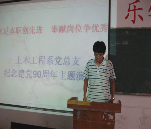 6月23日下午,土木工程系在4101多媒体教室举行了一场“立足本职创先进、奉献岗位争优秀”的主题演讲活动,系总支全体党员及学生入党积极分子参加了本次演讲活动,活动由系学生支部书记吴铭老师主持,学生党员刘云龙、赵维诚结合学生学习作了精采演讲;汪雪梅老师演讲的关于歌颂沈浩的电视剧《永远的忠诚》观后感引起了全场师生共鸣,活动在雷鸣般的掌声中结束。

...

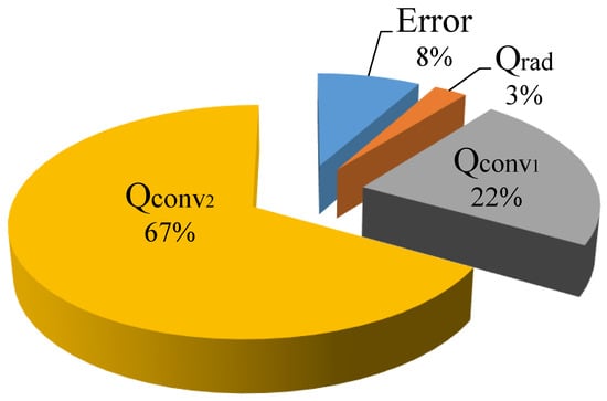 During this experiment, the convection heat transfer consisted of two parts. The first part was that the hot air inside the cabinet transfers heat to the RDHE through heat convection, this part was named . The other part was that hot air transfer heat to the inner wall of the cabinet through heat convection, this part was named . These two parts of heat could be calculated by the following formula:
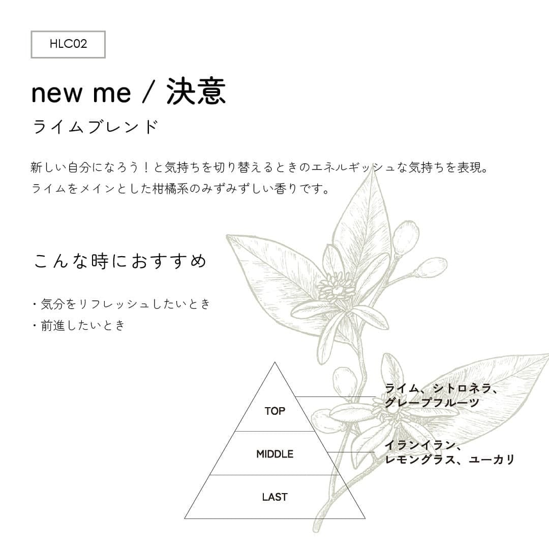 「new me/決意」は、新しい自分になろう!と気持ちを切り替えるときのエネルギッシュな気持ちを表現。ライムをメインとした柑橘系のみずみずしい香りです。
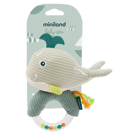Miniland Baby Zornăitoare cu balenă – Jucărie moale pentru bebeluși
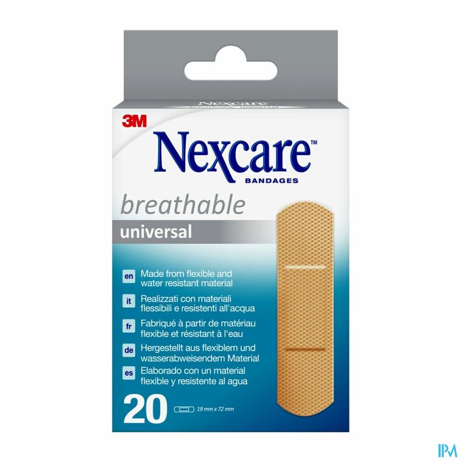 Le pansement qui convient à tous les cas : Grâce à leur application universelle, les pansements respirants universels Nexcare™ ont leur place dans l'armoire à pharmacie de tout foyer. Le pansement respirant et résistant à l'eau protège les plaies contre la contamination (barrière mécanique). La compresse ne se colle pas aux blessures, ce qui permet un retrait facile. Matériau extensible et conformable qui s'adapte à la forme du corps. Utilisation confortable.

---

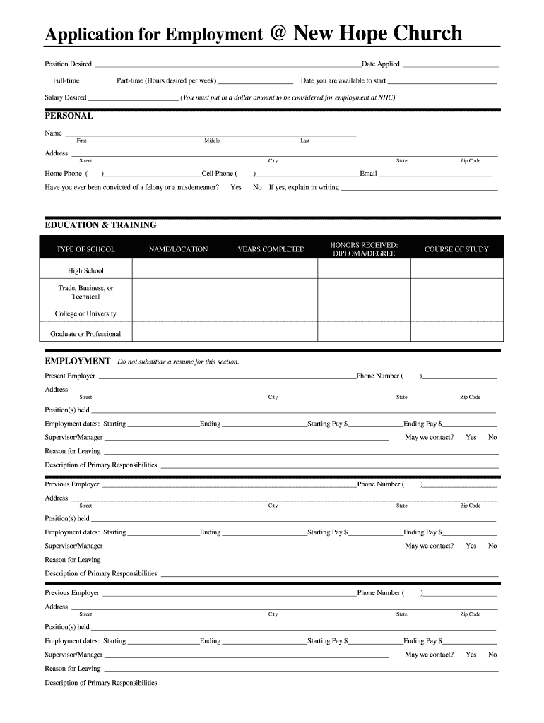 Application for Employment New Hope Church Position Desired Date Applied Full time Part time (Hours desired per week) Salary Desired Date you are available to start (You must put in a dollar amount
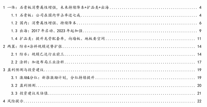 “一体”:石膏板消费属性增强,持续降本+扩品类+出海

Work order
Within the entries above, give again exactly the lines starting at the one that contains "Miniland Baby Zornăitoare" and ending at the one that contains "Le pansement qui", leaving out the pictures.

Worked solution
Miniland Baby Zornăitoare cu balenă – Jucărie moale pentru bebeluși
 Le pansement qui convient à tous les cas : Grâce à leur application universelle, les pansements respirants universels Nexcare™ ont leur place dans l'armoire à pharmacie de tout foyer. Le pansement respirant et résistant à l'eau protège les plaies contre la contamination (barrière mécanique). La compresse ne se colle pas aux blessures, ce qui permet un retrait facile. Matériau extensible et conformable qui s'adapte à la forme du corps. Utilisation confortable.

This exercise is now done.